South Africa lost an outstanding educational leader at the end of 2023 with the untimely passing of Professor Peliwe Lolwana, founding director of the Centre for Researching Education and Labour (REAL Centre).

We at the REAL Centre feel this loss particularly strongly because the existence of our Centre owes so much to her vision, persistence, and leadership during our early years.

Professor Lolwana’s distinguished career took her to all corners of South Africa’s education system, where her particular approach to analysing and interpretating the facts before proposing workable, forward-looking solutions shaped many institutions and policy processes.

Her burning desire to provide more and better education opportunities for people outside the formal system drove Professor Lolwana to create the REAL Centre at Wits University. She believed strongly that policy solutions require thoughtful and engaged research, and that this exploration of existing realities would require much better insight into current problems and possible solutions.
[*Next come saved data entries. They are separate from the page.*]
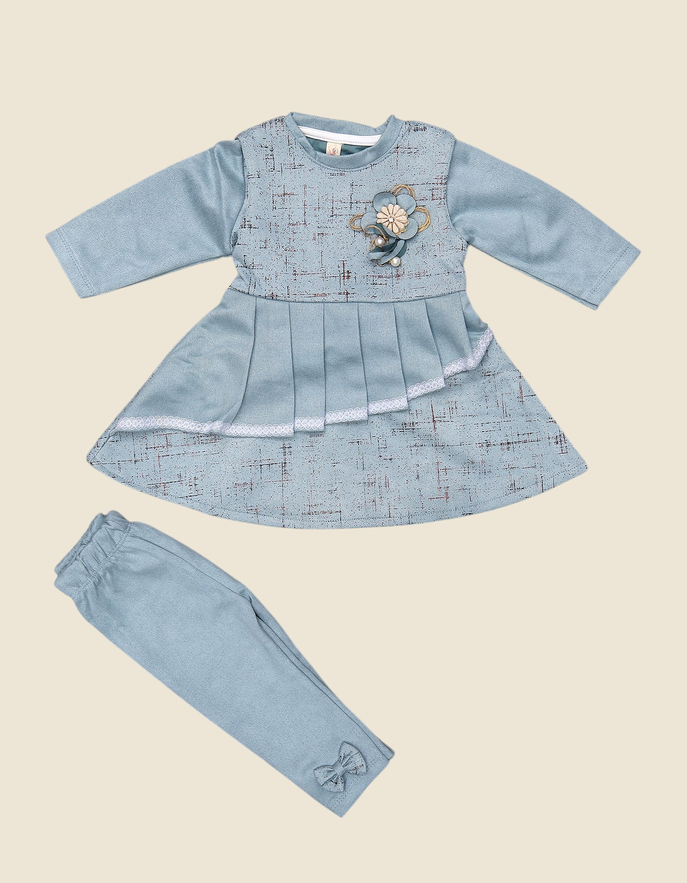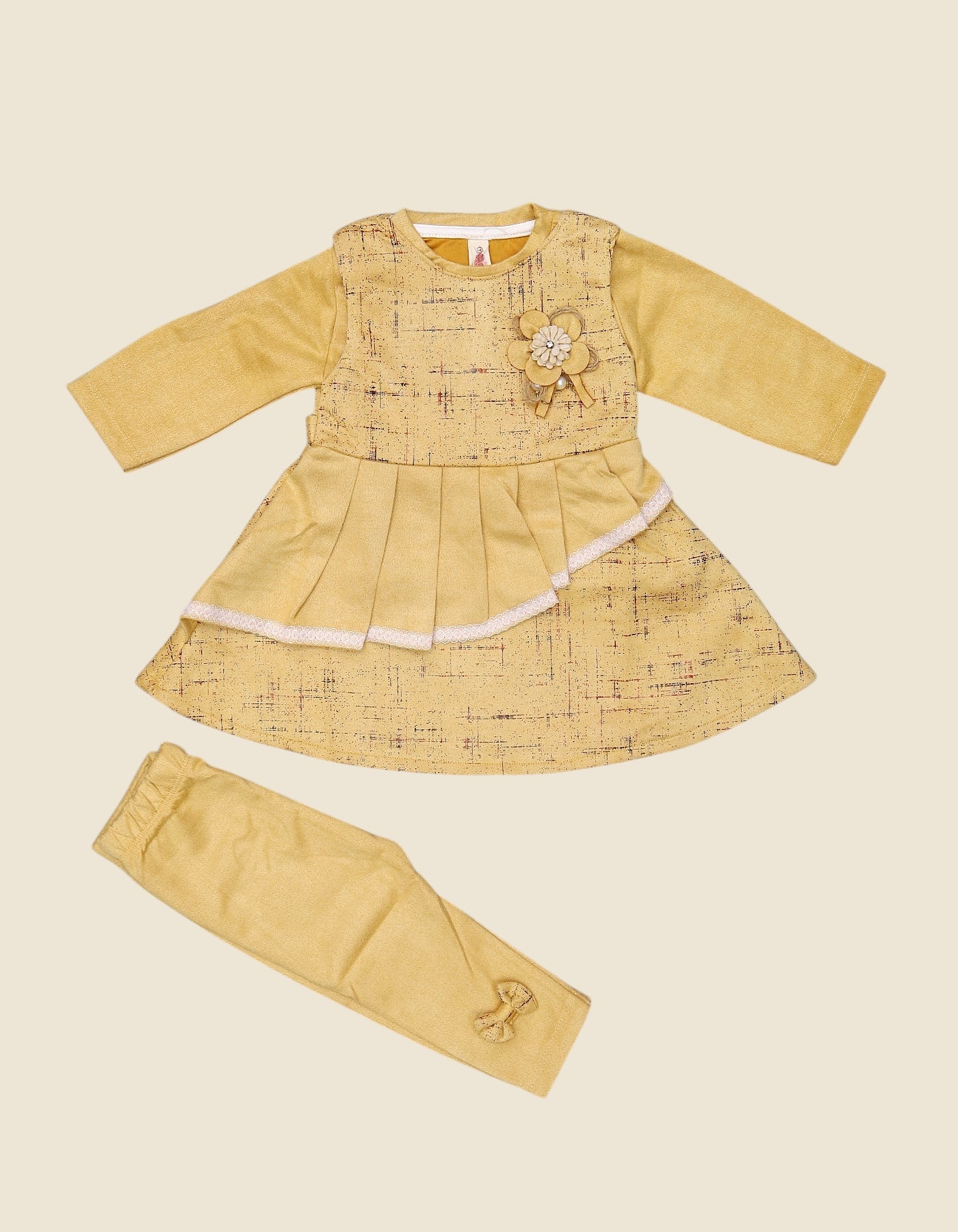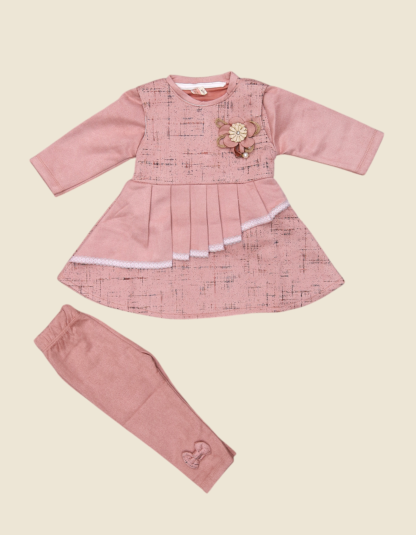 The Girls Pleated Charm Frock Suit is a graceful 2-piece outfit designed for a stylish yet comfortable look. The frock features elegant pleated detailing, a floral applique with pearl accents, and delicate lace trim at the hem. Paired with matching leggings adorned with a cute bow accent, this set offers a perfect blend of fashion and comfort. Available in Ferozi, Mustard, and Pink, this outfit is ideal for parties, festive occasions, or family gatherings, ensuring your little girl looks charming and confident.
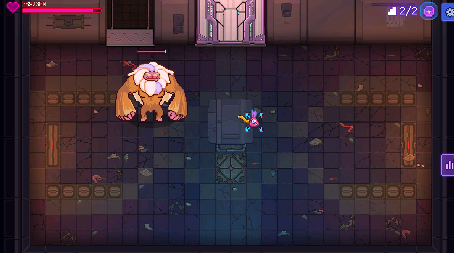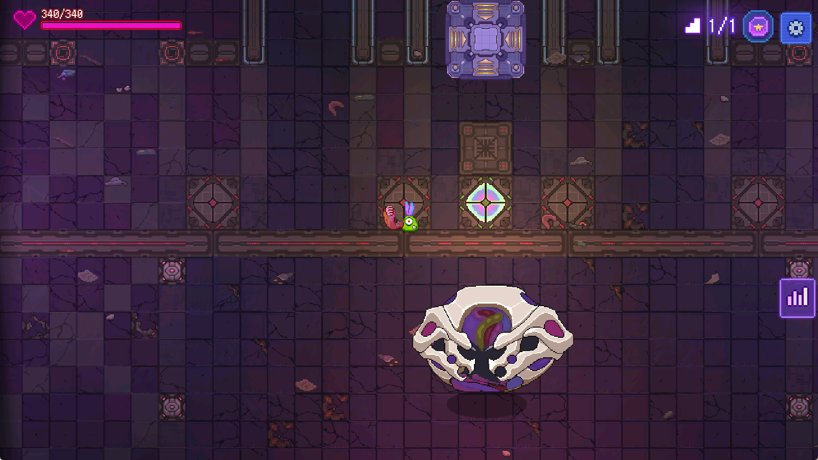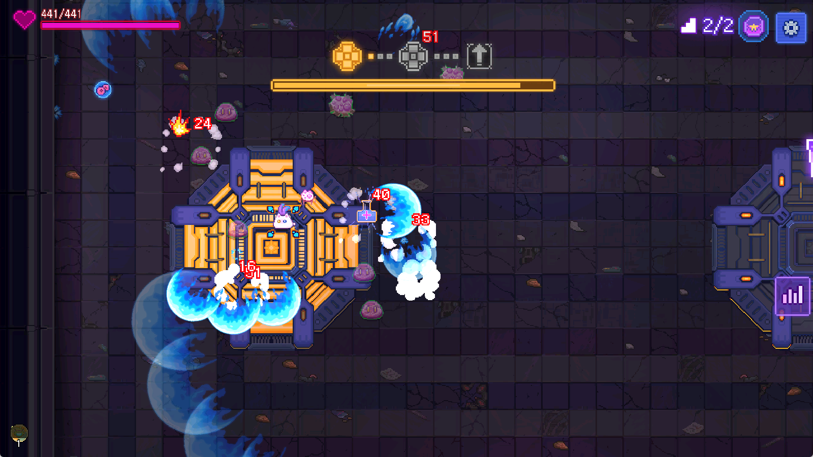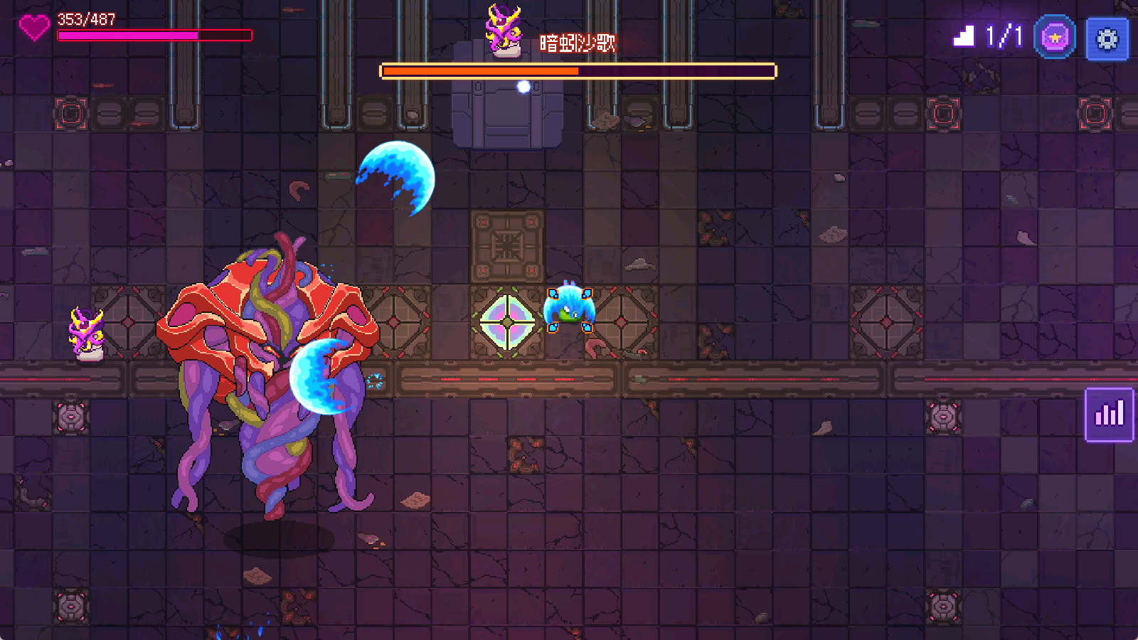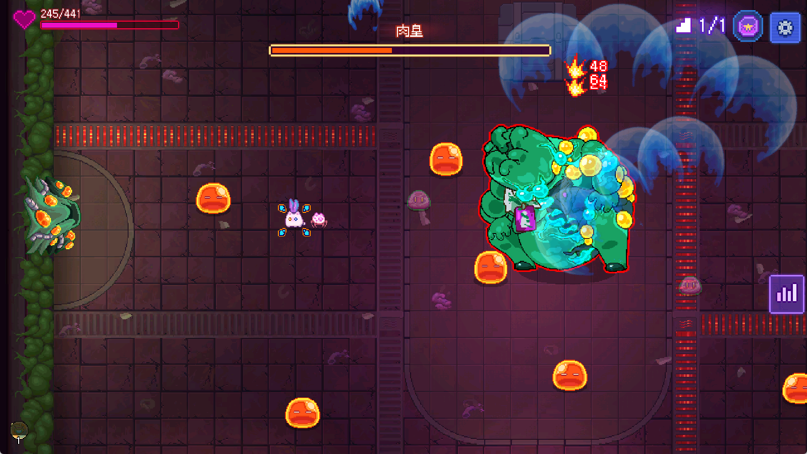 而1-4有概率刷出小Boss窝窝头,体型对比先前的Boss来说小一些,其攻击方式是发射3枚弹幕,对于此时的我们来说也已经不在话下。
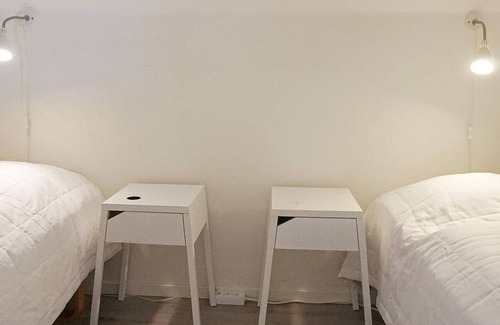 Welcome to this very fresh apartment with a sea view, here you can enjoy the sun, swimming and all kinds of boats that pass on the sea outside. This office apartment located in a partially industrial area has an excellent location for those who want to live near salty baths and the center of Kungshamn. Feel free to take a walk around all of Kungshamn's piers and boathouses, perhaps a fishing boat has come ashore with today's catch that you can buy and enjoy. On lovely summer evenings, it is a given to sit on the balcony and enjoy the delicacies of the sea, such as fresh prawns, crayfish or a well-stuffed crab. The apartment is also perfect for those of you who want to discover the sea on your own, it is fine to bring your own kayak. From the ground floor you take the stairs up to the second floor where you choose the entrance door on the far right, once inside you are met by a small hall and a staircase that leads up to the apartment on the third floor. The apartment has large open generous areas right through the apartment towards the sea, starting with a living room with a sofa bed (140cm), then transitioning into a large open kitchen with stove, microwave, fridge/freezer and coffee maker, then a dining area and a living room with a large comfortable sofa and TV. Bathroom with shower and two bedrooms with two single beds in one and a double bed in the other. One of the bedrooms has a glass partition facing the living room. From the living room you reach the balcony where you can enjoy a fantastic sea view and evening sun. The apartment has fiber connection. On Sotenäset and in the surrounding area, there are several fishing and stonecutter communities with additional bathing areas as well as coastal paths and roads with a view of the Bohuslän archipelago. Kungshamn and adjacent Smögen also offer the opportunity to rent a kayak or boat so you can explore the beautiful archipelago on your own. If you want to take a look under the surface of the sea, there are diving experience opportunities both from land and boat. From Kungshamn you can take a taxi boat and visit the Hållö lighthouse or to Smögen and continue to experience archipelago life and the archipelago environment at the now world-famous jetty with bustling folk life, shops, restaurants and a variety of different boats. A nice choice for a day trip is a visit to Nordens Ark, a zoo where you can meet around 80 of the world's endangered animals. There, in beautiful nature, you get the opportunity to meet animals such as wolves, snow leopards or to come face to face with the world's largest feline, the Amur tiger. In Väjern there is also Tumlaren, Sotenäs municipality's swimming and wellness facility with gym, wellness and indoor swimming. Welcome to a wonderful holiday on beautiful Sotenäset.

This led her to Wits, where the Education Policy Unit (EPU) had passed its zenith.

Many believed the EPU had served its purpose, and could be scrapped without replacement, but Professor Lolwana had a better plan. She saw an opportunity to build something new, productive, and capable of adding significantly to national and international policy debates. It initially remained the Wits EPU, with an added research program on education and labour. Rrealising that her approach needed a more appropriate institutional structure, Professor Lolwana took the Unit through the formal processes the university required to change the EPU into a Centre in 2012.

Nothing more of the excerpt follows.